A biological marker (biomarker) is defined as ‘a characteristic that is objectively measured and evaluated as an indicator of a normal biological process, pathogenic processes, or pharmacological responses to therapeutic interventions’ [5]. Biomarkers have been touted as a solution to the clinical dilemma of differentiating infection from non-infectious mimics [6]. Diagnostic biomarkers of infection can be broadly divided into two groups: (i) those that identify microbes and (ii) those that identify the host response to microbes. Point-of-care tests that aim to identify the presence of microbes are being developed, but these assays are susceptible to false positives due to the identification of microorganisms that are not responsible for patient deterioration (i.e. from contamination or colonisation) [2].

Herein, we discuss current approaches to the diagnosis of infection in the ICU, with an emphasis on commonly used biomarkers of the host response to infection. We also discuss emerging approaches to biomarker development and examine how we can improve the quality of sepsis biomarker research with the aim of improving outcomes for critically ill patients with infection.

Current Methods of Diagnosing Sepsis

Clinical Gestalt

In the absence of a reliable independent biomarker of infection, clinicians rely heavily on clinical gestalt, which is informed by adjunctive laboratory tests of the host response to infection including white cell count (WCC), C-reactive protein (CRP) and/or procalcitonin (PCT), and microbiological cultures. Clinical gestalt describes the concept that clinicians actively organise clinical perceptions into a coherent construct with the aim of answering a clinical question. It involves making a decision in the absence of complete information based on pattern recognition.

Clinicians rarely rely on a single clinical sign (e.g. fever) or a biomarker result to decide whether a patient has an infection. Rather, they make an ‘educated guess’ that a patient likely has an infection based on their history, examination, and available laboratory, microbiology, and/or radiology results without applying any specific evidence-based clinical decision rules. Such an approach affords flexibility and the inclusion of factors that may be difficult to quantify [7] but may be inaccurate depending on the experience and ability of the clinician [8].

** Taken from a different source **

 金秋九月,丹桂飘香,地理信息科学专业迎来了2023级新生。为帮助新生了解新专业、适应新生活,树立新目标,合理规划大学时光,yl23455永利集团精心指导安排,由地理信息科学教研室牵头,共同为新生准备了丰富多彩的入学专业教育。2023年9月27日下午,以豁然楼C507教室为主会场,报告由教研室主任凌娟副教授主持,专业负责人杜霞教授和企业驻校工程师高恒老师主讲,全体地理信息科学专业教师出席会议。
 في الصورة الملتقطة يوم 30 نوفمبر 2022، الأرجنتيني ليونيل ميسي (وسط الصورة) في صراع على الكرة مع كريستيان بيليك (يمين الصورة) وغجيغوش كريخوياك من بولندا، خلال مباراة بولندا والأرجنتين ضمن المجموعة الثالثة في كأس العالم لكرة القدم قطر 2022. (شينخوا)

The inaccuracy of clinical gestalt in the diagnosis of sepsis in ICU patients has been demonstrated in multiple studies [9,10,11]. In a recent multicentre clinical cohort examined by Lopansri and colleagues [10], agreement between initial attending physician diagnosis of sepsis in ICU patients compared to retrospective diagnosis by an expert panel was weak (free-marginal kappa agreement 0.58). The tendency was to overdiagnose sepsis early, with ~30% of those initially determined to be septic being subsequently reclassified retrospectively. Overtreatment was also observed, with ~60% of patients ultimately classified as having a non-infectious systemic inflammatory response syndrome (SIRS) being given systemic antimicrobials.

One reason that clinical gestalt may perform so poorly when it comes to the diagnosis of infection in critically ill patients is that it is susceptible to multiple cognitive biases, including base-rate neglect, outcome, and premature closure (Table 1). Given the potential for poor outcomes with delayed antimicrobial initiation [1], clinicians may focus on the perceived benefit of antimicrobial administration even if the presentation may not be consistent with an infectious diagnosis—an example of base-rate neglect [12]. Clinicians tend to therefore over-estimate the true prevalence of infection [10, 13•, 14].

Table 1 Examples of biases applied to the diagnosis of infection [15, 16]

Base-rate neglect is intertwined with outcome bias in that clinicians may inappropriately attribute a patient’s clinical improvement to antimicrobial administration as part of a presumed infection diagnosis, even in cases where infection is unlikely [12]. Clinicians may also rely on the perceived safety of antimicrobials in ascribing a patient’s presentation to infection, despite evidence demonstrating significant harms from unnecessary antimicrobial therapy [2]. Finally, healthcare institutional pressures may bias clinicians towards a diagnosis of infection. For example, a study by Kanwar and colleagues [17] identified an increase in community acquired pneumonia diagnosis rates when a 4-h antimicrobial administration rule was implemented in the emergency department (ED).

To avoid such clinical biases, a clinician may put increased weight on biomarkers of infection, which may be perceived as potentially more objective. Some of the more commonly used in current clinical practice are discussed in detail below.

White Cell Count

The WCC has long been considered an important and readily available clinical marker of infection. However, the utility of this commonly used haematological parameter in the diagnosis of infection in critically ill patients is questionable.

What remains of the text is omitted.